データ解析ツールとしてのQC7つ道具

「QC7つ道具」をご存知ですか?

品質改善を進めるQC活動を進めるときに使用される手法であり、統計的品質管理の基本となるものです。
QCは日本のモノづくりにおいて、品質向上や不良削減などに大きく寄与しましたが、時間外労働の問題や残業代の扱いなどの面から次第に下火になっていったように思います。
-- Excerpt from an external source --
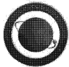
Figure 1: Proposed GEOINT Patch Conversion from Color to OCP

私自身も企業内では品質管理・品質保証部門にも長く在籍していましたので、QC活動の事務局も経験させていただきましたが、活動の中心であるQCサークルが就業時間外に行う現場の自主活動を基本としていたため、「活動時間の確保と活動時間の対価」について、人件費を増やさずに効率化したい経営層、成果を強調することで自身の評価を上げたい管理職層、就業時間外は自分の時間と考える一般社員の間でコンセンサスを得るのが難しかった経験があります。また、業務改善をすると人も減らしていったことから、特に現場からは「なぜ自分たちの首を絞める活動をしなければいけないのか!」と強く迫られました。その後は活動も次第に形骸化して、最終的には無くなってしまいました。
今でもあまりいい印象持たれていないのか、製造業の方とQCのお話をすると少し顔をしかめる方もいらっしゃいます。

QC活動の停滞に伴ってか、QC7つ道具などの関連手法についても知らない人が増えてきたようです。過去にQC活動を行った人には「あれはQC活動のためのもの」と思われているかもしれません。

でも、QC7つ道具は統計解析のツールです。

今、皆さんの会社の中には、さまざまな情報が電子化して保管されています。例えば販売管理、購買、出退勤、経費管理、人事情報、製品検査などはありませんか?
これらのデータは数字の羅列ですが、エクセルを使ってピボットテーブルにしたり、グラフにすることで意外な相関関係がわかったり傾向が見えてきたりします。

ここに統計的な要素を加えたのがQC7つ道具です。
QC7つ道具は、

  1. 特性要因図
  2. パレート図
  3. ヒストグラム
  4. 管理図
  5. 散布図
  6. グラフ
  7. チェックシート

という7つのツールと「層別」というテクニックを加えた計8つからなります。(8つだと「7つ道具」にならないことから、「層別」は単独ではなく全体を通じた共通事項とする考え方もあります)

QC7つ道具は品質管理にしか使わない印象があるかもしれませんが、企業の中にある様々なデータの解析(見える化)に使えるんです。
次回から、グラフとチェックシート以外のツールについて、具体的な使い方についてお伝えしていこうと思います。